In his own words, the key in such circumstances is to “accept the situation and keep fighting”. It’s what he does best.
He remains the best mover on clay. Nadal’s rivals may say his strongest assets are his mental strength and fighting qualities but on clay, the Mallorcan’s magic comes from his supreme movement.
If he’s not injured, then Nadal will always have the edge in terms of movement and court coverage on the dirt.
There’s still time. With both Madrid and Rome coming up before Paris, Nadal has a couple of chances to boost his confidence prior to Roland Garros.
While Madrid is his least successful clay Masters 1000 (he’s only won it twice), and he repeatedly admitted he struggles sometimes with the altitude there, Rome will provide an important opportunity for the 27-year-old. Of course the fact that he’s won it seven times couldn’t hurt.
Despite the Barcelona loss, he’s improving. Those who watched both of Nadal’s defeats in Monte Carlo to David Ferrer and in Barcelona to Nicolas Almagro can attest to the fact that the world No1 was playing significantly better against the latter.
He was more aggressive and was more effective with his forehand than against Ferrer.

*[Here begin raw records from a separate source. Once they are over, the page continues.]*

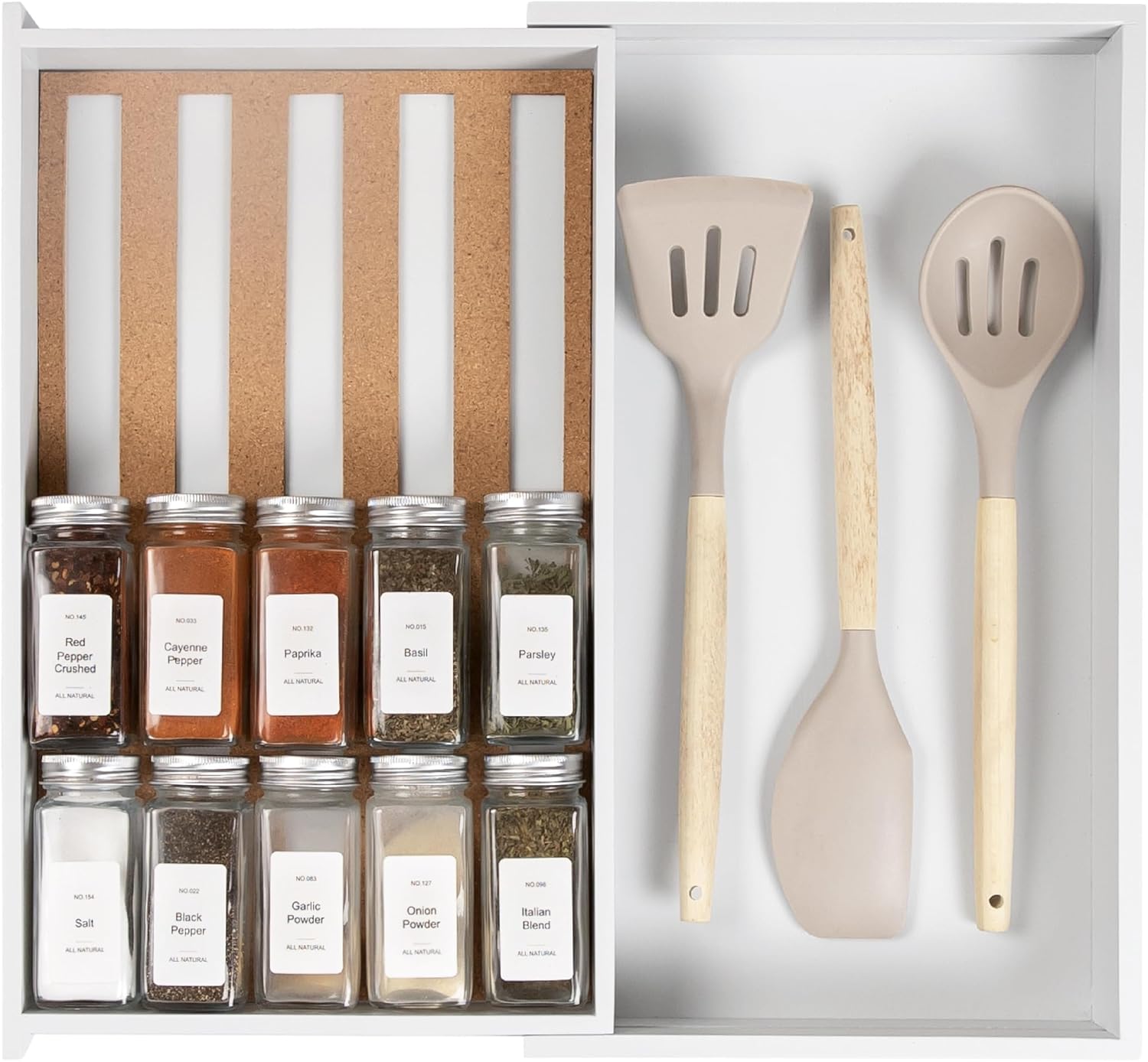 - STREAMLINED DRAWER STORAGE: Efficiently organize your kitchen with a versatile spice or vitamin drawer organizer. Its non-slip cork base ensures stability, preventing items from shifting. With expandable compartments catering to utensils or larger spice containers, this organizer adapts to your needs, maximizing both space and functionality in your kitchen drawers.
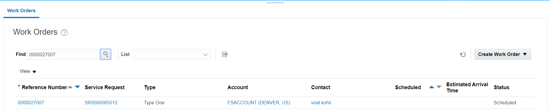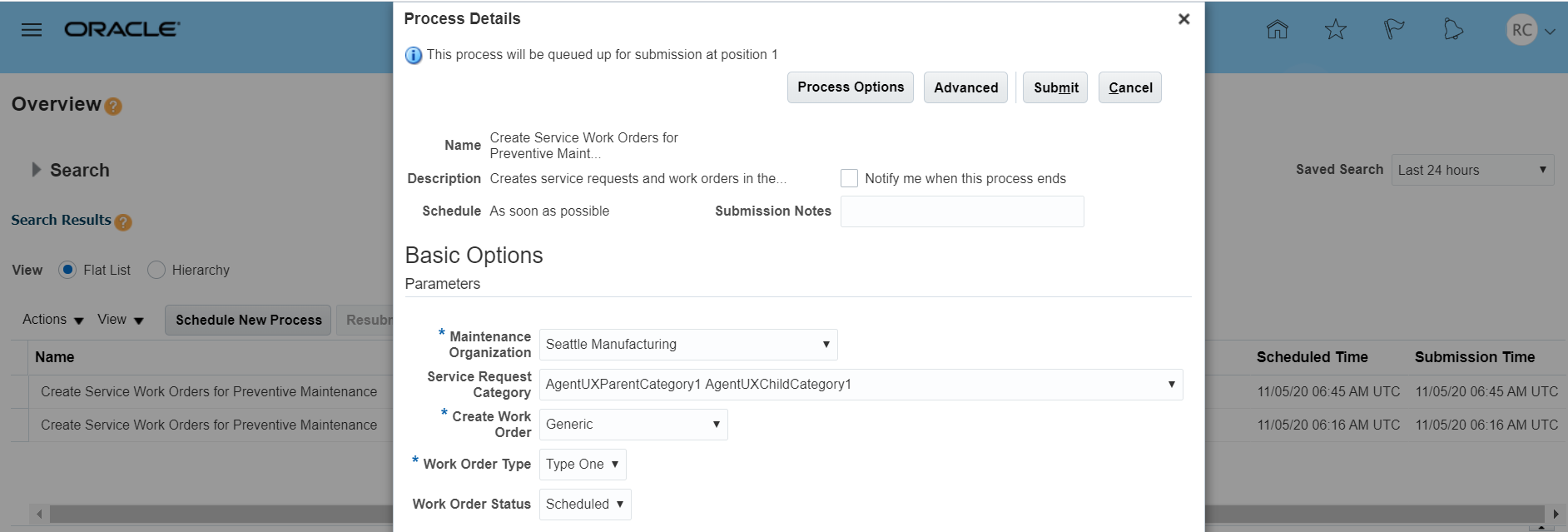 Run the scheduled process: Create Service Work Orders for Preventive Maintenance to convert the preventive maintenance work order details to B2B Service and create the service request and work order.
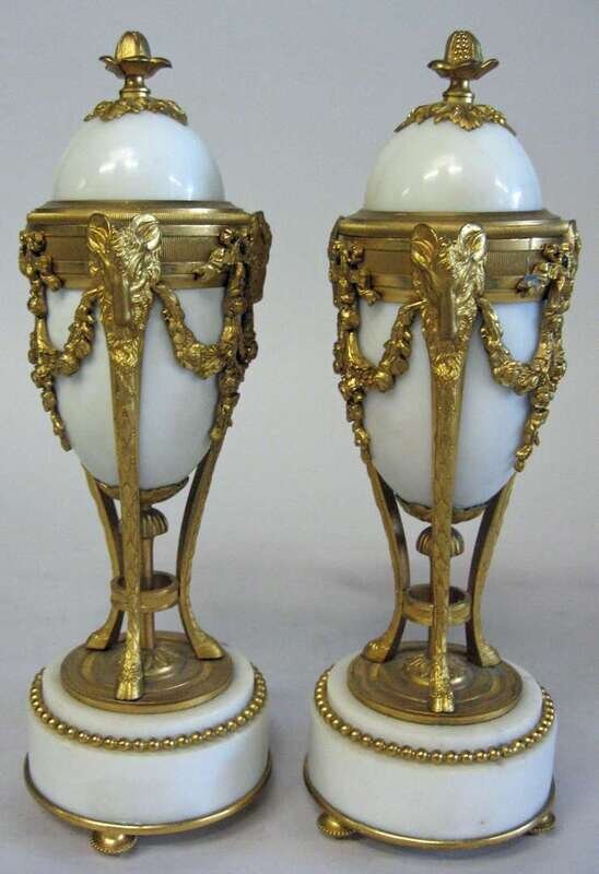 Pair of Louis XVI style gilt-bronze and marble cassolettes
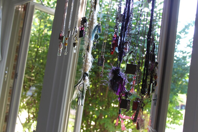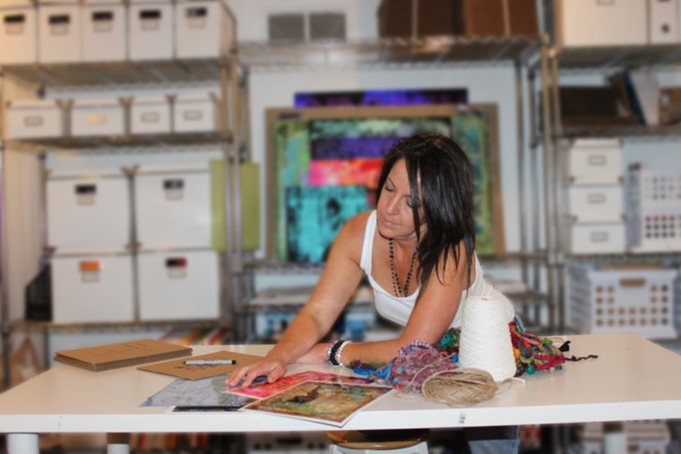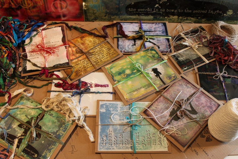 I love to experiment! Surveying my studio I find a plethora of supplies! India ink, spray dye, acrylics, watercolor, oil, pastels, chalk, crayons, pencils, markers, tissue paper, old school papers, old newspapers and magazines, copies of my journal, glitter, glue, structure gel, stencils, stamps, old jewelry, acrylic gemstones, embroidery floss, thread, colored wire, ribbon, beads, and bins of “stuff”! And then there is my digital world… Adobe Illustrator and Photoshop, an Epson printer and scanner and my constant companion, the trusty Canon SLR.
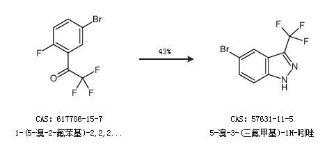 1.通过1-(5-溴-2-氟苯基)-2,2,2-三氟乙酮合成5-溴-3-(三氟甲基)-1H-吲唑,收率约43%;
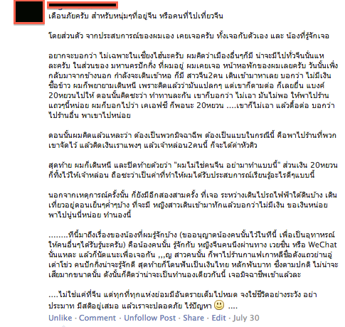 ปอลิง โพสนี้เป็นโพสที่อ้ายจงโพสไว้ใน timelineส่วนตัว ตั้งแต่ ก.ค.ที่ผ่านมา เลยขอแชร์มาเป็นอุทาบรื้ออออ (อุทาหรณ์ ฮ่าๆ) ให้กับทุกคนได้ระมัดระวังกัน
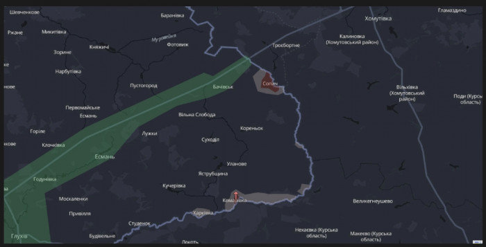 На початку березня солдати РФ вивезли на свою територію із села Сопич Есманьської громади 19 місцевих, які ще залишалися в населеному пункті. Нині на мапі DeepState Сопич, а також частина Комарівки — у “червоній” зоні. Ще понад 16 кв. км — у “сірій”.

It didn’t amount to a win but it showed there’s progress.
If it’s mental, it’s fixable. Nadal concedes that his Australian Open final loss to Stanislas Wawrinka has affected him mentally. It’s not the first time the Spaniard has had his confidence shaken. He lost six consecutive finals to Novak Djokovic in 2011 (and a seventh in 2012) but still managed to take Roland Garros and eventually stopped the bleeding against the Serb in Monaco the following year.
If he can find a way out of his mental lapse and revisit his tactics against top players with superior backhands, he should be fine in best-of-five matches in Paris.